Members of Congress and a coalition of social justice and civil rights groups are calling on President Joe Biden to use his executive powers to address a host of racial justice issues ahead of the 2024 election.
In a letter sent to the White House on President’s Day, U.S. Reps. Barbara Lee, D-Calif., Sheila Jackson Lee, D-Texas, Cori Bush, D-Mo., and Jamaal Bowman, D-N.Y., urged Biden to use his executive powers to advance the movement for reparations, safeguard Black history, and protect voting rights, among other requests.
The progressive House members were joined in solidarity with 200 organizations, led by the National Black Justice Coalition, United by Equity, and Black Music Action Coalition.
“For far too long, the scars and trauma of racial inequity have marred the United States and hindered our nation’s progress,” read the letter. “Our collective history necessitates rectifying the wrongs of the past and present, forging a future where equity and justice are lived realities for all.”
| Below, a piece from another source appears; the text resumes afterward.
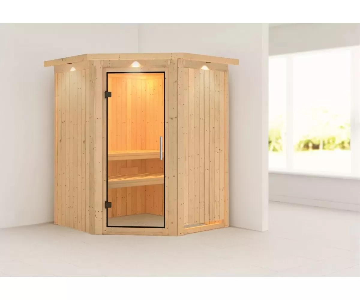 Malá finská sauna určená až pro dvě osoby. Má rozměr š 151 x h 151 x v 198 cm s rohovými dveřmi. Tento model finské sauny je určený do temperovaných interiérů domu nebo bytu. Její výrobce, firma KARIBU HOLZTECHNIK z německých Brém, dokázala svými výrobky úspěšně navázat na staletou tradici skandinávského saunování a současně do ní zapracovat dnešní moderní technologie. Sauna je celá vyrobena ze dřeva severského smrku v přírodním provedení. Dřevo pochází ze vzdáleného severu Evropy a je chemicky naprosto neošetřené (není ani namořeno ani nalakováno). V důsledku toho je prosté všech známých problematických látek, které by se v průběhu saunování mohly ze dřeva uvolňovat. Tato interiérová sauna vykazuje mimořádné tepelně-izolační vlastnosti. Stěny sauny jsou složeny z vnitřní a vnější vrstvy speciálně hlazených prken s perem a drážkou, mezi kterými je 42 mm silná tepelná izolace v podobě minerální vlny. Celková síla stěny je tak 68 mm. Zadní nebo boční nepohledové strany orientované ke stěně místnosti mají vnější stranu ze sololitu. Proto jsou při stejné tepelné izolaci o cca 10 mm tenčí než pohledové strany pokryté palubkami.
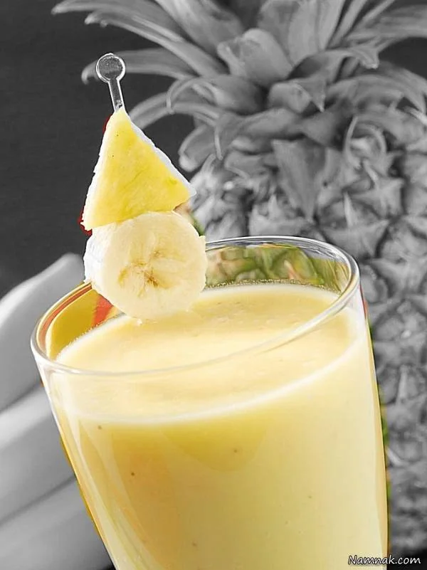 اسموتی وانیلی موز و آناناس یک نوشیدنی بسیار ساده است که می توانید طرز تهیه آن را درآشپزخانه نمناک مشاهده نمایید.

The correspondence includes a list of legislation and resolutions introduced by Democrats in Congress that Republican lawmakers have stalled. The bills include H.R. 40, which would create a reparations commission to study the impacts of U.S. slavery and a companion resolution that would establish a U.S. Commission on Truth, Racial Healing, and Transformation. It includes other bills like a resolution recognizing “Banned Books Week,” the “African American History Act” to preserve Black history and culture, and comprehensive voting rights legislation named after the late civil rights leader U.S. Rep. John R. Lewis.
Reps. Lee, Jackson Lee, Bush, and Bowman, along with the hundreds of social and civil rights organizations, said the array of legislation was “historic” and required “robust support and decisive executive action to move from potential to reality.”